Quote:
Originally Posted by aymster
You know, you mentioned that you had success in the past and that you're doing so well now. I think you have peeled away that layer of past failure and are on the right path by recognizing your triggers and wanting to keep on track! If you have the support at home, that's GREAT!
Thanks, Aymster! I definitely want to keep on track...it's hard though, as you all know. I think that because I lost weight before and gained it back/failed, I am not as afraid of failure now...I have already proven to myself that I CAN lose weight, I just have to fine-tune my methods. Does that make any sense? I'm sweating and I've been at school using my brain too much, so I'm not sure if I'm making much sense.
Quote:
Originally Posted by EZMONEY
#1 ~ YOU control the food...it has no brain...no emotion...it doesn't control you! Sometimes I think it is a big bully!
#2 ~ Everyday is the day you need to make good choices. I'm re-committing myself TODAY. Not tomorrow, today. That is today's better choice. 
#3 ~ If you screw up one day do we give up?....ah...NO!
Do me a favor...every day for one month push a little harder than the day before....if at anytime you need help to push harder you PM me...I will push up up the hill....down the hilll...over the hill...through the hill...whatever you need...you can do this...you just have "forgotten" that you can! Starting today, 9/4, until 10/4, I will push a little harder to stay on track. I will do what I think I cannot do...at least I will *try*. I could use a drill sargeant lol
Seriously, thank you for your support and I might take you up on that. You are an inspiration to me, Gary!
My prayers are with you each step ~ Gary
Gary: THANK YOU SO MUCH for all the hugs.

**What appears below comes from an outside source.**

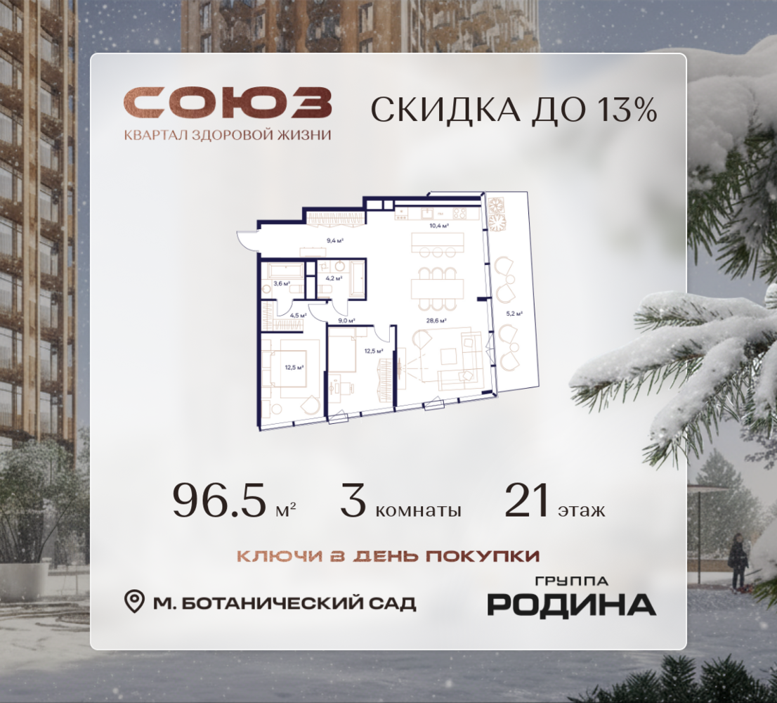 Готовые дома и ключи в день покупки <p> </p> Рассрочка 0% <p> </p> Продаётся 3-комнатная квартира площадью 96.5 м² на 21 этаже в Жилом Комплексе «Союз». <p> </p> Квартал здоровой жизни премиум-класса с рекордным количеством олимпийских видов спорта: <p> </p> - Ледовая арена для хоккея и фигурного катания, - Футбольные поля для тренировок, - Спортивный зал для фехтования, - Бассейн на 6 дорожек, - Центр единоборств, - 4 крытых площадки для настольного тенниса, - 7 теннисных кортов (крытых и открытых), - 4 крытых площадки для сквоша, - Легкоатлетический стадион, - Площадки для баскетбола и волейбола. <p> </p> <p> </p> Уникальные форматы квартир с мастер-спальнями, приватными террасами, балконами, а также пентхаусы с открыточными видами на город. <p> </p> Все квартиры продаются с отделкой Shell&Core и панорамным остеклением. <p> </p> <p> </p> Расположение <p> </p> Пешком: <p> </p> - 2 мин. до парка «Сад Будущего»; - 6 мин. до ст. м. «Ботанический сад»; - 6 мин. до ст. МЦК «Ботанический сад»; - 6 мин. до парка «Леоновская роща»; <p> </p> <p> </p> На автомобиле: <p> </p> - 2 мин. до СВХ (МСД); - 5 мин. до Проспекта Мира; - 10 мин. до ТТК; - 15 мин. до Садового кольца; - 25 мин. до аэропорта «Шереметьево». <p> </p> <p> </p> Благоустройство <p> </p> - собственная спортивная инфраструктура 7 Га; - зона для пикников; - игровые и спортивные площадки для детей всех возрастов; - розарий, а также сосновые, каштановые и дубовые аллеи; - площадки под открытым небом для занятий спортом и йоги; - игровые комнаты для детей; - лаунж-зона для резидентов; - просторная переговорная для деловых встреч; - премиальный ресторан «Шабада» Сосо Павлиашвили с водными арт-объектами на прогулочной аллее, садом ароматных трав и сценой под открытым небом; - кафе, химчистки, аптеки и супермаркеты рядом с домом. <p> </p> <p> </p> Окружение <p> </p> - 8 парков: Сад Будущего, Леоновская роща, Хуамин, Главный ботанический сад РАН, Шереметьевская дубрава, Останкино, парк спорта «Яуза», пойма реки Яуза и музей-усадьба «Останкино»; - 3 ВУЗа: ВГИК, РГСУ, МГПУ; - 12 школ, в том числе: школа 1499 им. И.А. Докукина (топ 100), Brookes Moscow, IThub школа; - 18 детских садов, в том числе билингвальный ALERTUM KIDS; - один из крупнейших океанариумов Европы «Москвариум»; - один из крупнейших в Европе торгово-развлекательных центров «Европолис».

I really needed them, especially today (see rant below).
Okay, now for the bad news: just when I was doing so good, Labor Day weekend came along + the heat and my good intentions went out the window like a bullet from a gun. Friday was good: I had a birthday dinner party for my sister-in-law and I made thai food and I actually controlled myself: I had a big bowl of Tom Yum soup and I had a smaller portion of Chicken Panang (curry) and no seconds! Yay

for me. One bad thing: my hubby made dessert and I ate a smallish portion of that, but I was okay with that...I allow myself one bad meal a week, right? So, Friday was good.
Saturday was good too: lunch was a big bowl of Tom Yum with a smaller portion of the curry. Dinner was a pita pizza, which was really healthy. So yay again.
Sunday? What happened Sunday?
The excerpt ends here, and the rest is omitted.